_Activity_
The required output is the stretch from the line containing "The Attitude Super" through the line containing "ĐTN: Chương trình" in the records below, unaltered and with no pictures.

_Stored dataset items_

┌──

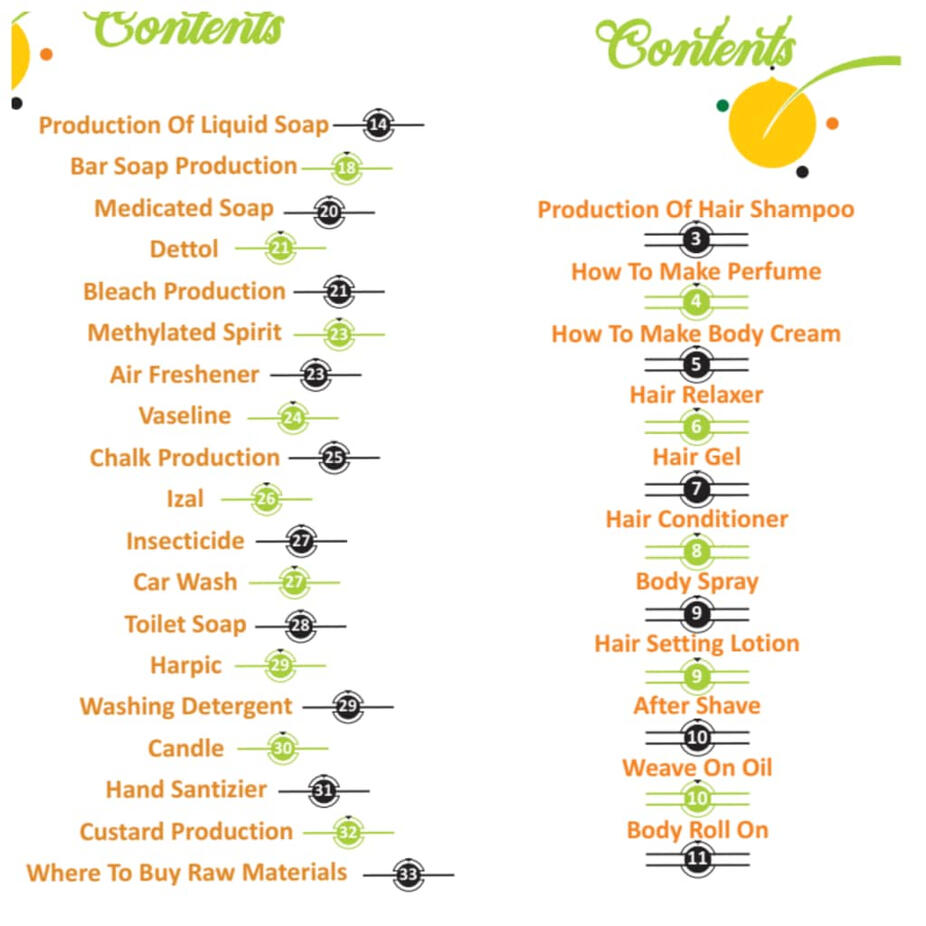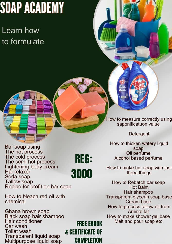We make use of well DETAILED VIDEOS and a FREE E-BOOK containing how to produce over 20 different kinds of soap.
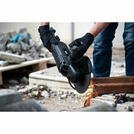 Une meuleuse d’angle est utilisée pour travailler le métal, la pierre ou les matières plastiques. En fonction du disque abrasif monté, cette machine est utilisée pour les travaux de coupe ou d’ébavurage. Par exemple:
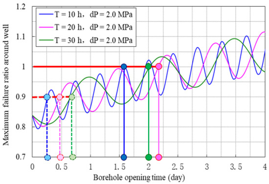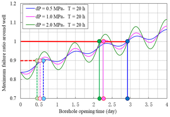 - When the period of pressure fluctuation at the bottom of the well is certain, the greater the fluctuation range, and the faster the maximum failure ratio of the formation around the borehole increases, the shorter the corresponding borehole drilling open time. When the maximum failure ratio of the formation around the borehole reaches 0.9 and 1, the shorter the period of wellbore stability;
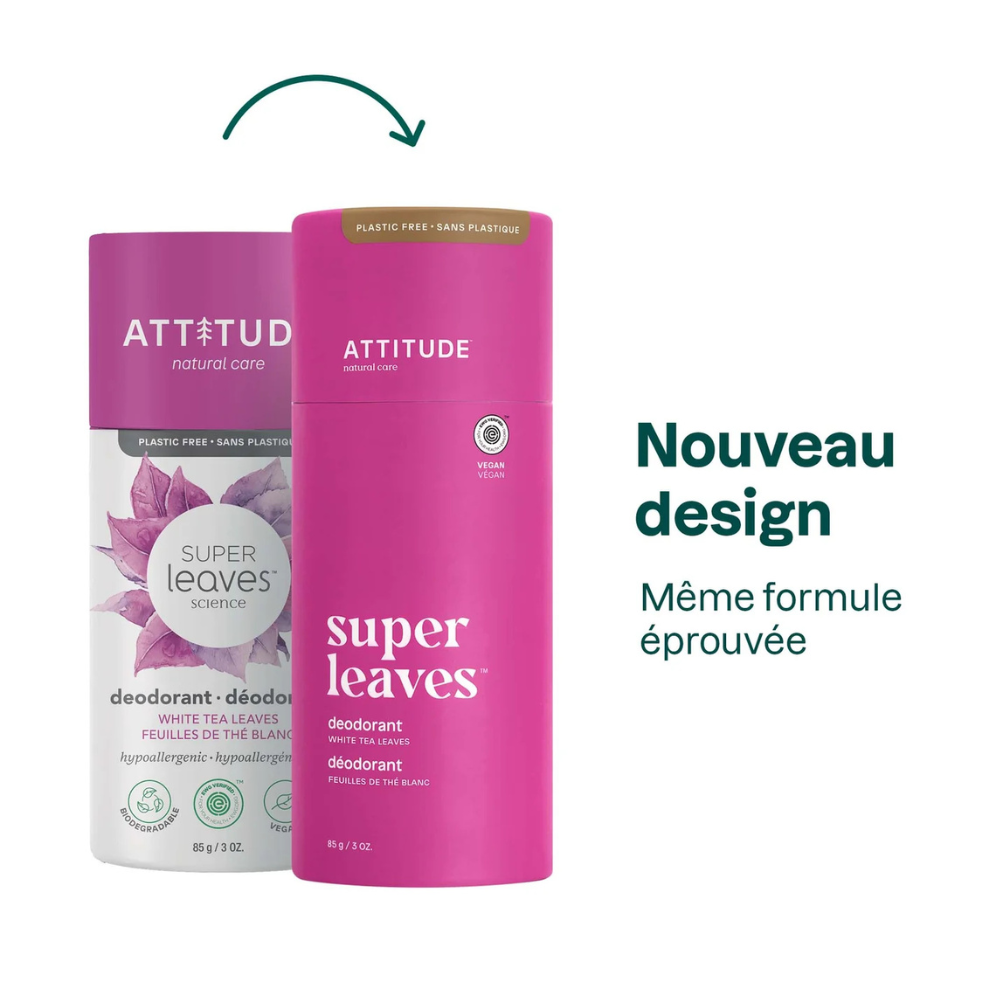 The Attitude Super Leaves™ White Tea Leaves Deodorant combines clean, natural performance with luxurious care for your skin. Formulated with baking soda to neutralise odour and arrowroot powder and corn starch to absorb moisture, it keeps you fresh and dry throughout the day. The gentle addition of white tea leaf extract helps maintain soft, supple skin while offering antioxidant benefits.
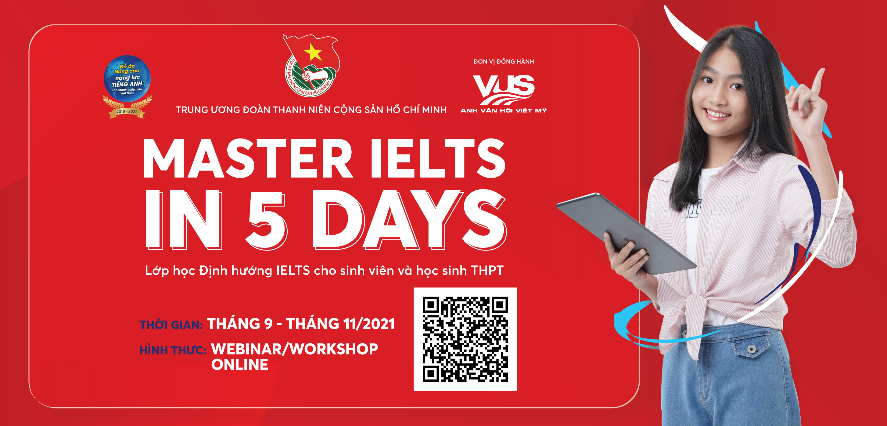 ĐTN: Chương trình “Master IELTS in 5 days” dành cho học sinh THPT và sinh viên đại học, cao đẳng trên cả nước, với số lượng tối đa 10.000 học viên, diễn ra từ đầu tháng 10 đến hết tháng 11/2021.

└──
┌──

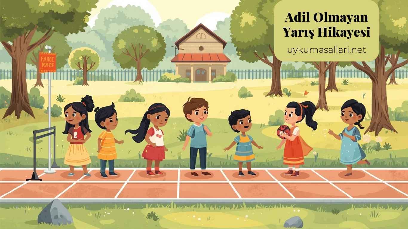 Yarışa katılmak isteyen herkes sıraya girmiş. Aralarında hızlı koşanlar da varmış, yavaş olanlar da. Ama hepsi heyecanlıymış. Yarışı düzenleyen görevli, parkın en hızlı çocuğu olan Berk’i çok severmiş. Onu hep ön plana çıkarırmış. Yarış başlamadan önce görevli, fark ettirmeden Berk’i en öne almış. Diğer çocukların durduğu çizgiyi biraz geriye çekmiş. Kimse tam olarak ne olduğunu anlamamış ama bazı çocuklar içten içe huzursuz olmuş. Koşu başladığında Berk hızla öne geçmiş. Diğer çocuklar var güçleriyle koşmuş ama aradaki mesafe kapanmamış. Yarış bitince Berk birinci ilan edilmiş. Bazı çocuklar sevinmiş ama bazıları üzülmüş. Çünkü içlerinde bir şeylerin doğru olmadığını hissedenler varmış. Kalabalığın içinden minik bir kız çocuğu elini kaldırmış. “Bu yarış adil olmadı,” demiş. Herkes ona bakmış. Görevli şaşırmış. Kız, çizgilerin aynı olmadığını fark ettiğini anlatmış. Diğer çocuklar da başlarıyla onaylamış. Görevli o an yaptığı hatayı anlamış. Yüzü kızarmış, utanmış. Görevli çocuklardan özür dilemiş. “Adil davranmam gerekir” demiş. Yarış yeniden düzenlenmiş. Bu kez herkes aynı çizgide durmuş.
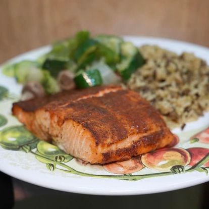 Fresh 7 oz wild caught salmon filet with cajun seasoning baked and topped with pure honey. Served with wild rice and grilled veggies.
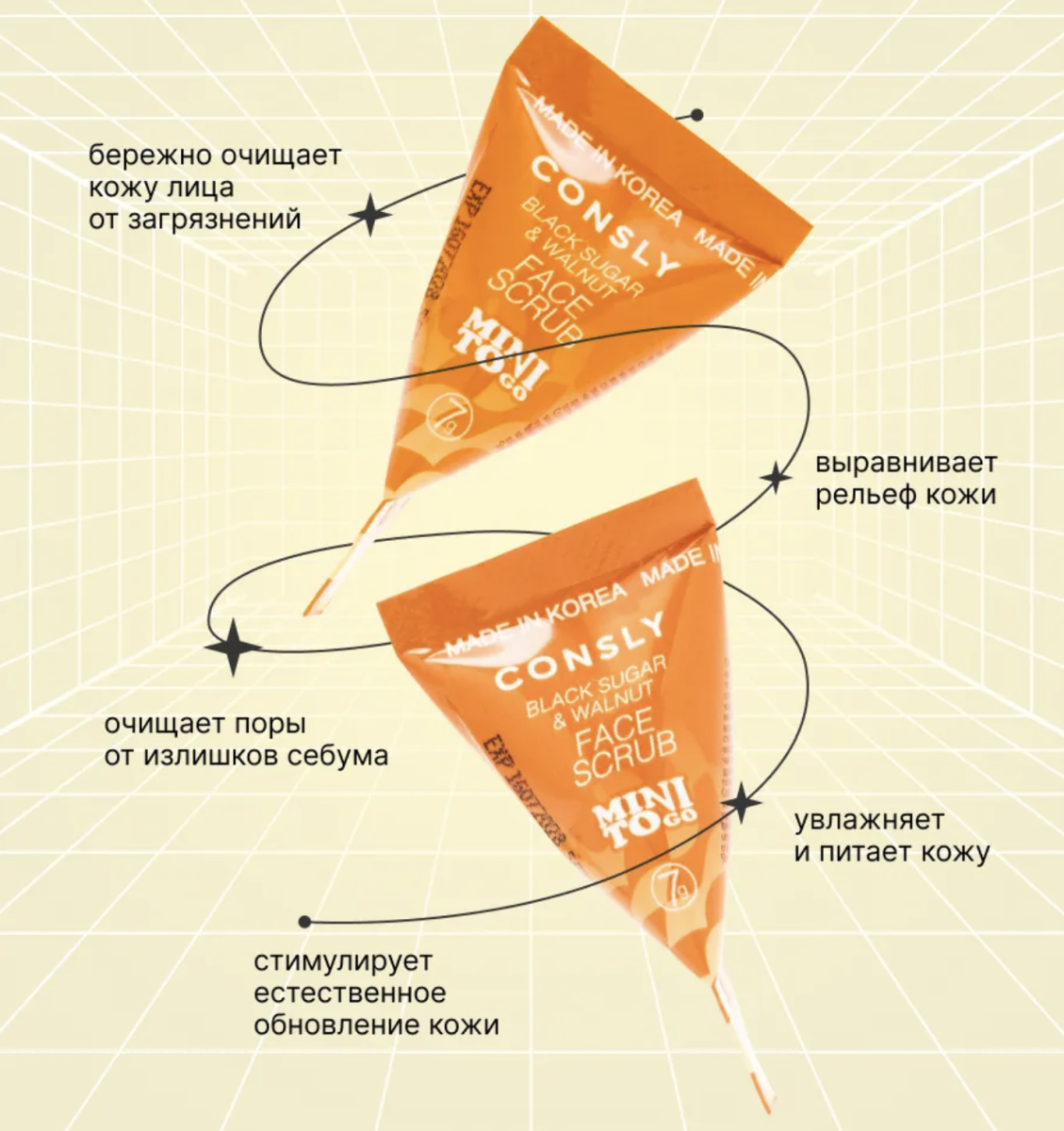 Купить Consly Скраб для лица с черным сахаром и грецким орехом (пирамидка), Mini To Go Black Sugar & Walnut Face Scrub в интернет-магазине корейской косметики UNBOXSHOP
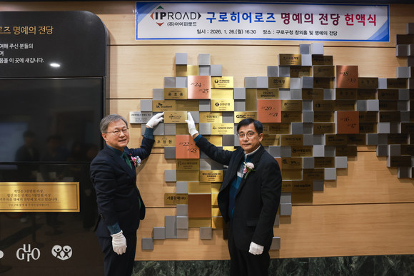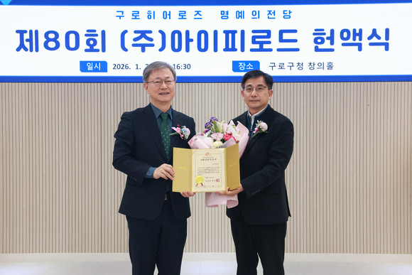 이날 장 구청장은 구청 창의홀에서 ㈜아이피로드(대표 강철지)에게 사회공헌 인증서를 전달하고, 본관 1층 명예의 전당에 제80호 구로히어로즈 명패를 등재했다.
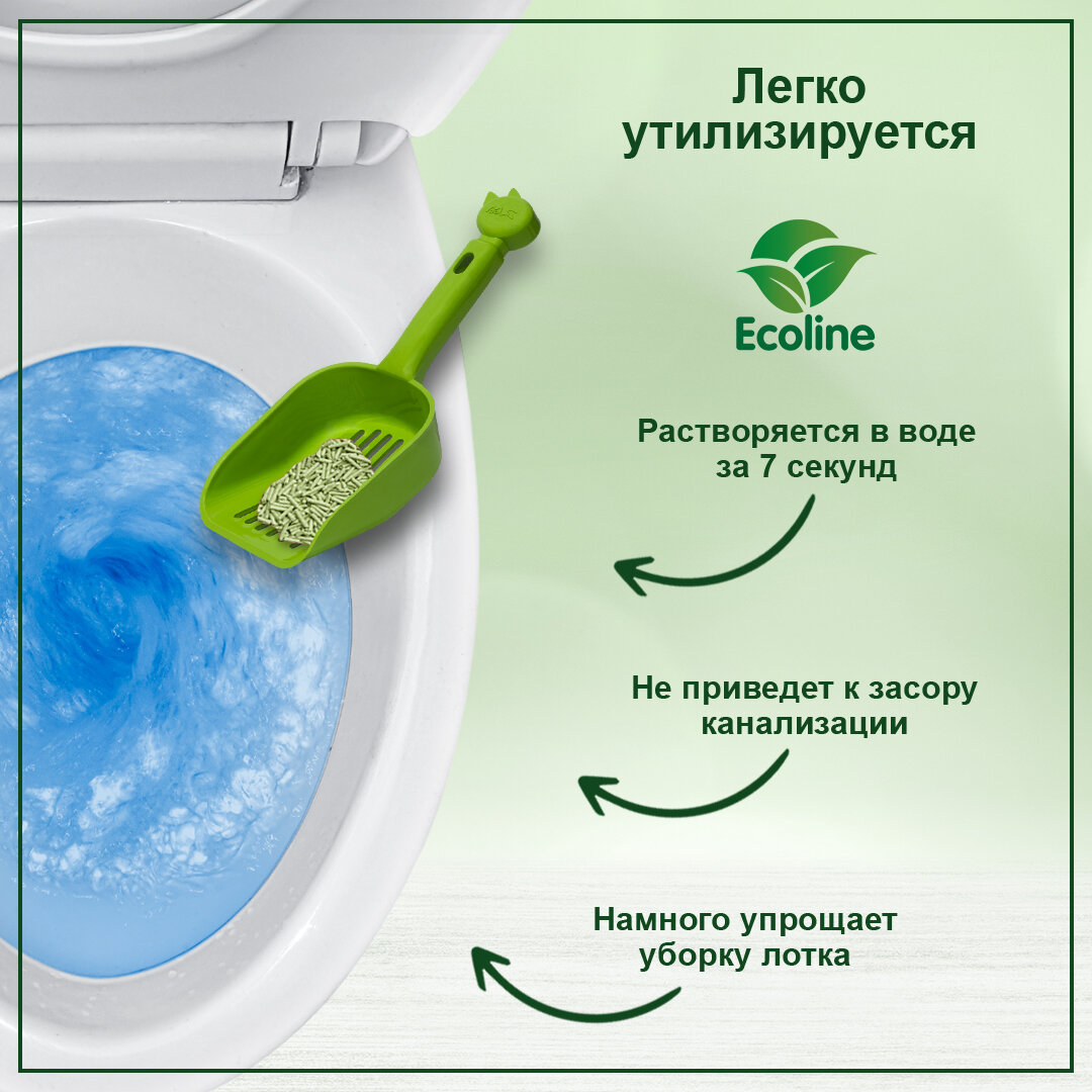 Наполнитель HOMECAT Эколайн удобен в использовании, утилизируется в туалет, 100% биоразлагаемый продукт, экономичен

└──

_Response area_
 The Attitude Super Leaves™ White Tea Leaves Deodorant combines clean, natural performance with luxurious care for your skin. Formulated with baking soda to neutralise odour and arrowroot powder and corn starch to absorb moisture, it keeps you fresh and dry throughout the day. The gentle addition of white tea leaf extract helps maintain soft, supple skin while offering antioxidant benefits.
 ĐTN: Chương trình “Master IELTS in 5 days” dành cho học sinh THPT và sinh viên đại học, cao đẳng trên cả nước, với số lượng tối đa 10.000 học viên, diễn ra từ đầu tháng 10 đến hết tháng 11/2021.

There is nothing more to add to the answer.